Bishop Severian Stefan Yakymyshyn, O.S.B.M. (; 22 April 1930 – 6 September 2021) was a Canadian Ukrainian Greek Catholic hierarch. He served as an Eparchial Bishop of Ukrainian Catholic Eparchy of New Westminster from 5 January 1995 until his retirement 1 June 2007.

Life
Bishop Yakymyshyn was born in the family of ethnical Ukrainian Greek-Catholics in Canada. After the school education, he subsequently joined the Order of Saint Basil the Great, where he had a solemn profession on January 1, 1953. Yakymyshyn was ordained as a priest on May 19, 1955, after he completed theological studies. Then he continued his studies in the Pontifical Gregorian University in Rome, Italy with degree of Doctor of Sacred Theology.

After that he had various pastoral assignments and served as a parish priest, spiritual director, master of novices and  lecturer at St. Paul University in Ottawa. From 1979 until 1995 he served in the Basilian General Curia in Rome.

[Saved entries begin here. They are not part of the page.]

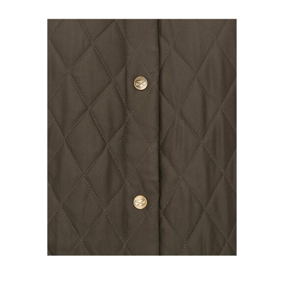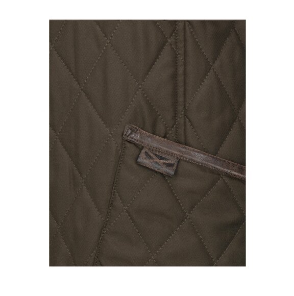 Det klassiske diamantquiltede design kombineret med bløde detaljer og en diskret, landlig stil giver jakken et tidløst udtryk, som fungerer lige godt på landet som i byen. Ydermaterialet i mat ripstop-polyester er slidstærkt og designet til daglig brug, mens den PFAS-fri Teflon EcoElite vandafvisende behandling beskytter mod let regn og fugt. Krave og kantdetaljer i læderlook tilfører et eksklusivt præg, og den antikmessingfarvede trykknaplukning understreger det klassiske design. En let, men funktionel quiltet jakke, der er oplagt til overgangsperioder og kølige dage, hvor du ønsker både bevægelsesfrihed og stil.
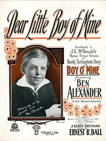 Boy of Mine is a 1923 American silent family drama film directed by William Beaudine that was based upon a short story by Booth Tarkington. It stars Ben Alexander, Rockliffe Fellowes, and Henry B. Walthall. Wendy L. Marshall stated that "Beaudine had the Midas touch when it came to directing children" in films like this and Penrod and Sam.[1]
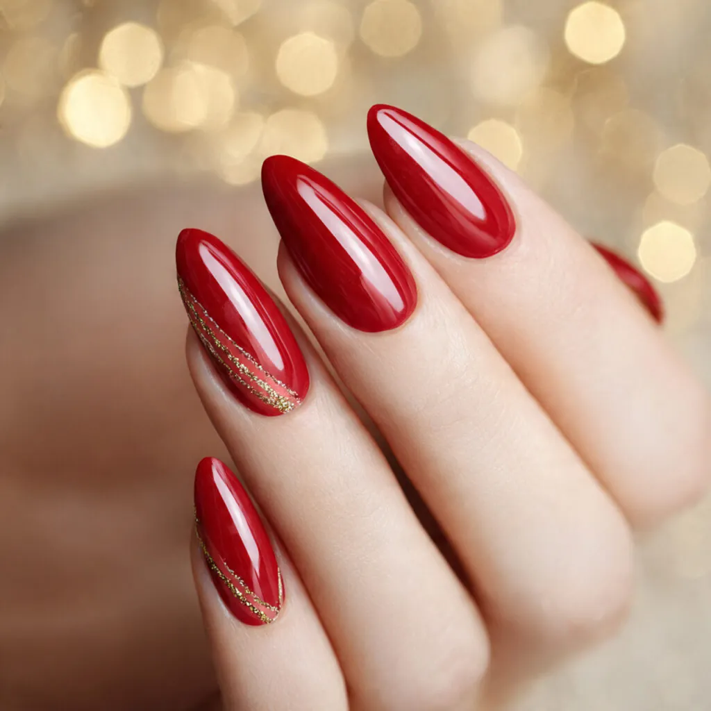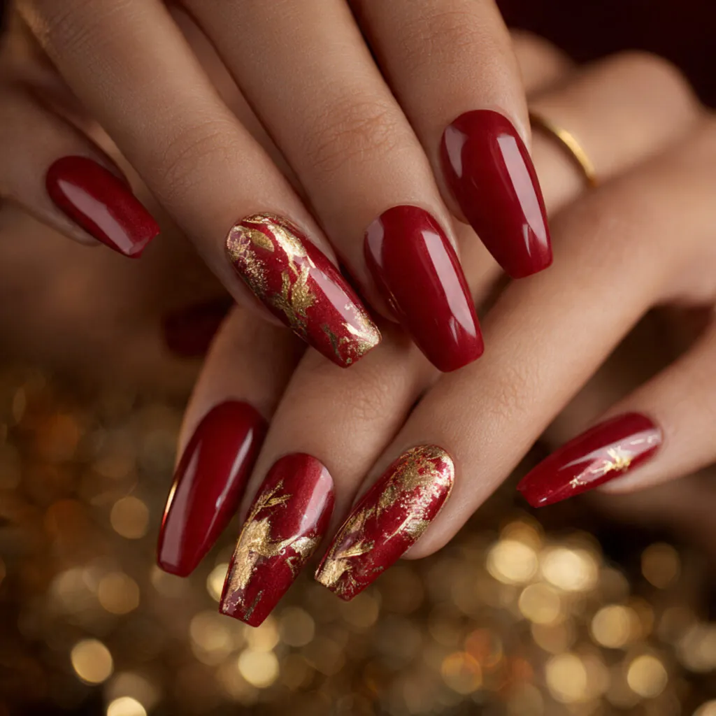 Red and gold nails feel luxurious. The warmth of gold enhances red’s richness.
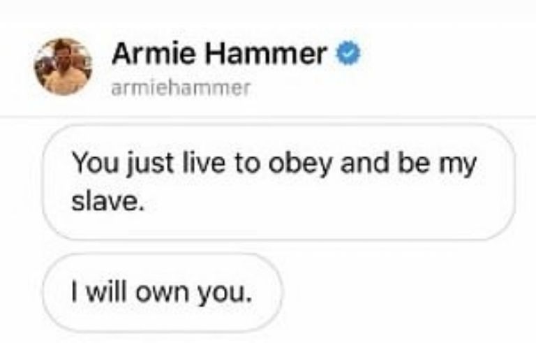 La polémica afirmación fue viralizada gracias a unas supuestas capturas de pantalla filtradas por una mujer que afirma que Hamer le mandó los incómodos mensajes a través de Instagram, donde incluso hace alusión a violación y canibalismo.
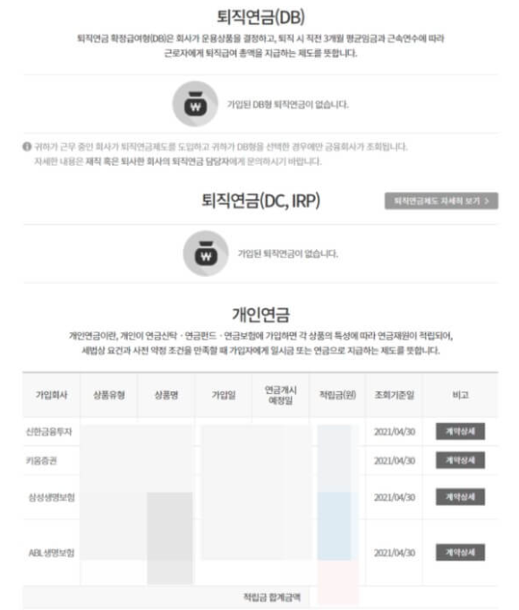 또한, 계약상세를 클릭하시면, 각 연금별 가입일, 현재 납부한 원금, 만기까지 납부했을 시 예상 적립금 등 더욱 세부적인 계약 내용을 확인할 수 있으며, 원하신다면 출력도 가능합니다.
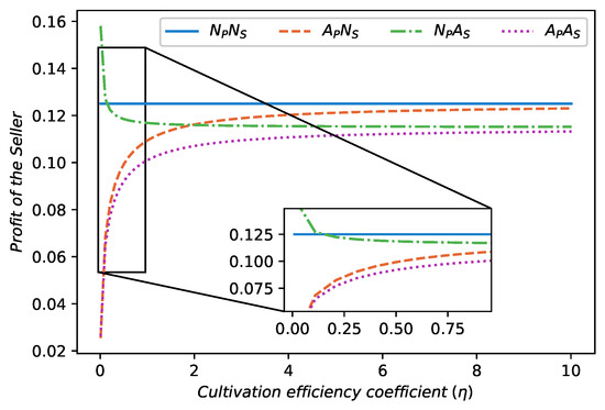 Subsequently, substitute and into the seller’s profit function (i.e., Equation (14)) and obtain . Further, solve the equation and obtain the response function . Further, , and .

On January 5, 1995, Fr. Yakymyshyn was nominated by Pope John Paul II and on March 25, 1995 consecrated to the Episcopate as the second Eparchial Bishop of the Ukrainian Catholic Eparchy of New Westminster. The principal consecrator was Metropolitan Maxim Hermaniuk. Bishop Yakymyshyn retired on June 1, 2007, after reaching the age limit.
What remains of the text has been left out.